WHAT IS REQUIRED: Without the pictures, return each record as it appears.
═════ DATA SUPPLIED ═════
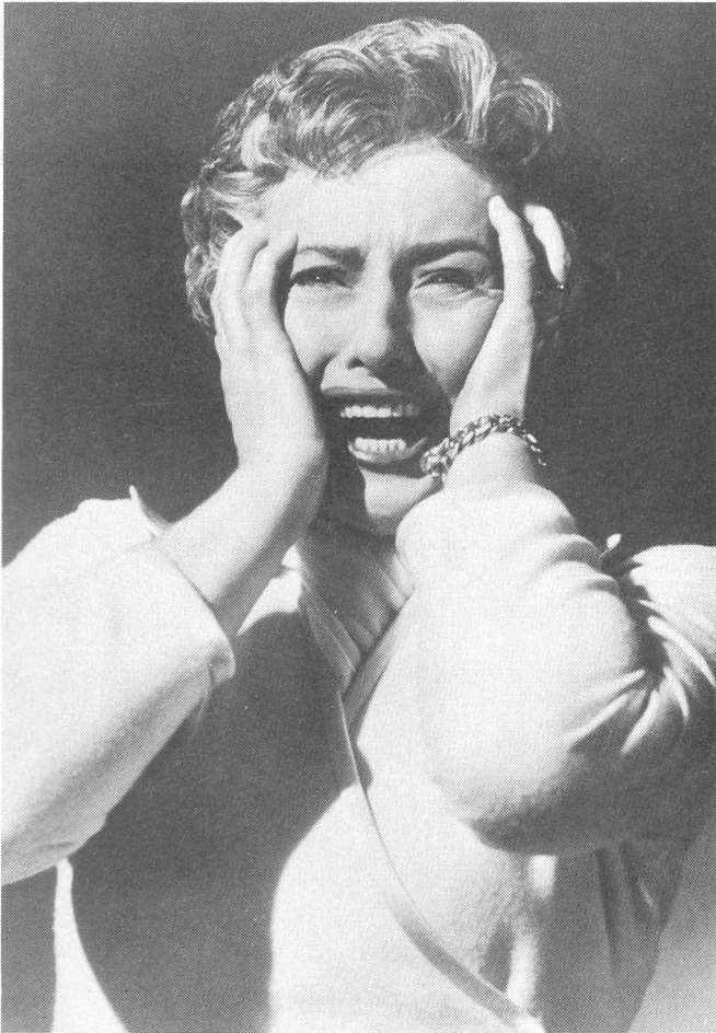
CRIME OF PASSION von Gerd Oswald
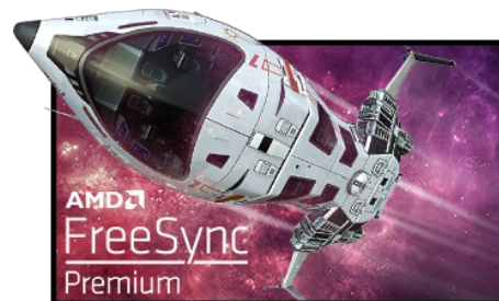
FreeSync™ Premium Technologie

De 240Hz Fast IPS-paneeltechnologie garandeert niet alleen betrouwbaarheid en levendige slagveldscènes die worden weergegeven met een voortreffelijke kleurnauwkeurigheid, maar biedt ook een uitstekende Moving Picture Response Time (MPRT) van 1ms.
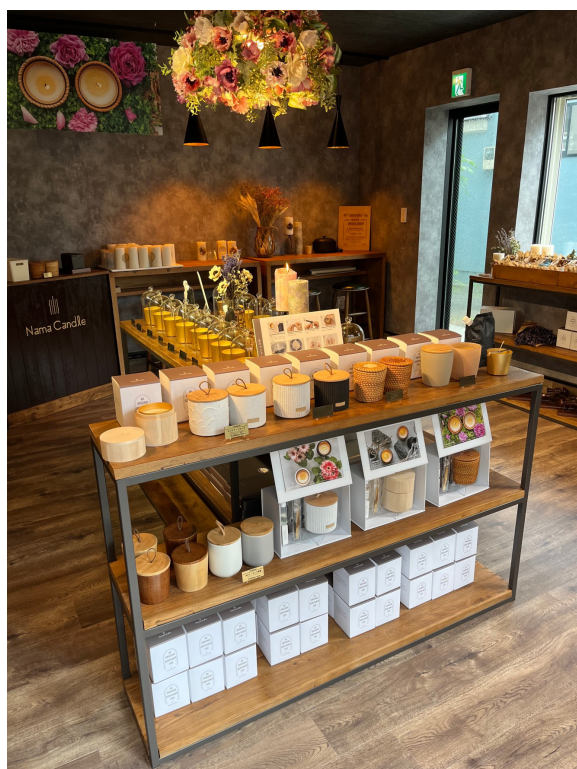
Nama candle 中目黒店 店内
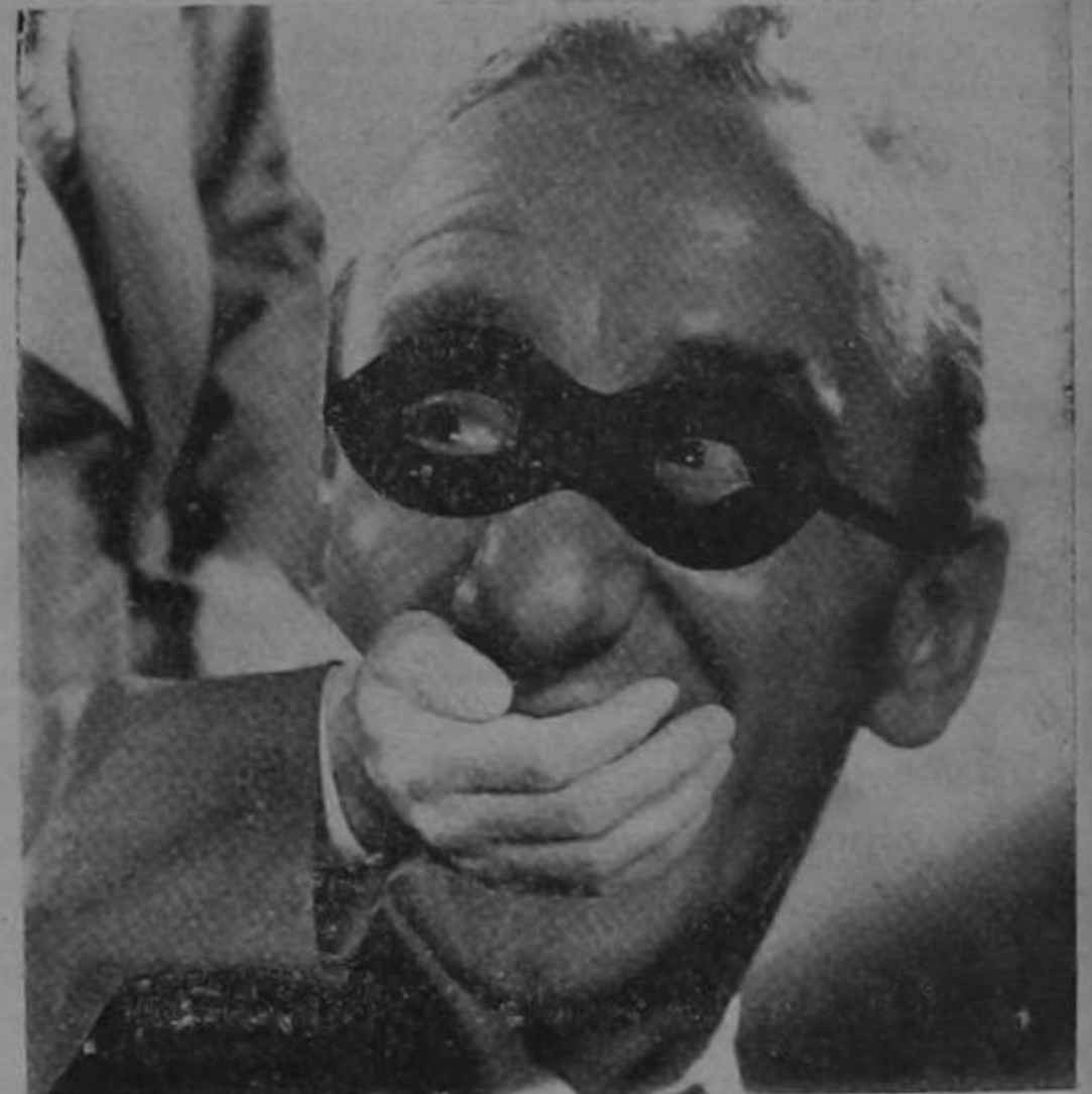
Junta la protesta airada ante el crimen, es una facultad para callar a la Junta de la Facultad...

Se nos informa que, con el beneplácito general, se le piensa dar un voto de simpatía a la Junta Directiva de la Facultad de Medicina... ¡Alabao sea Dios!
═════
TASK OUTPUT:
CRIME OF PASSION von Gerd Oswald
FreeSync™ Premium Technologie

De 240Hz Fast IPS-paneeltechnologie garandeert niet alleen betrouwbaarheid en levendige slagveldscènes die worden weergegeven met een voortreffelijke kleurnauwkeurigheid, maar biedt ook een uitstekende Moving Picture Response Time (MPRT) van 1ms.
Nama candle 中目黒店 店内
Junta la protesta airada ante el crimen, es una facultad para callar a la Junta de la Facultad...

Se nos informa que, con el beneplácito general, se le piensa dar un voto de simpatía a la Junta Directiva de la Facultad de Medicina... ¡Alabao sea Dios!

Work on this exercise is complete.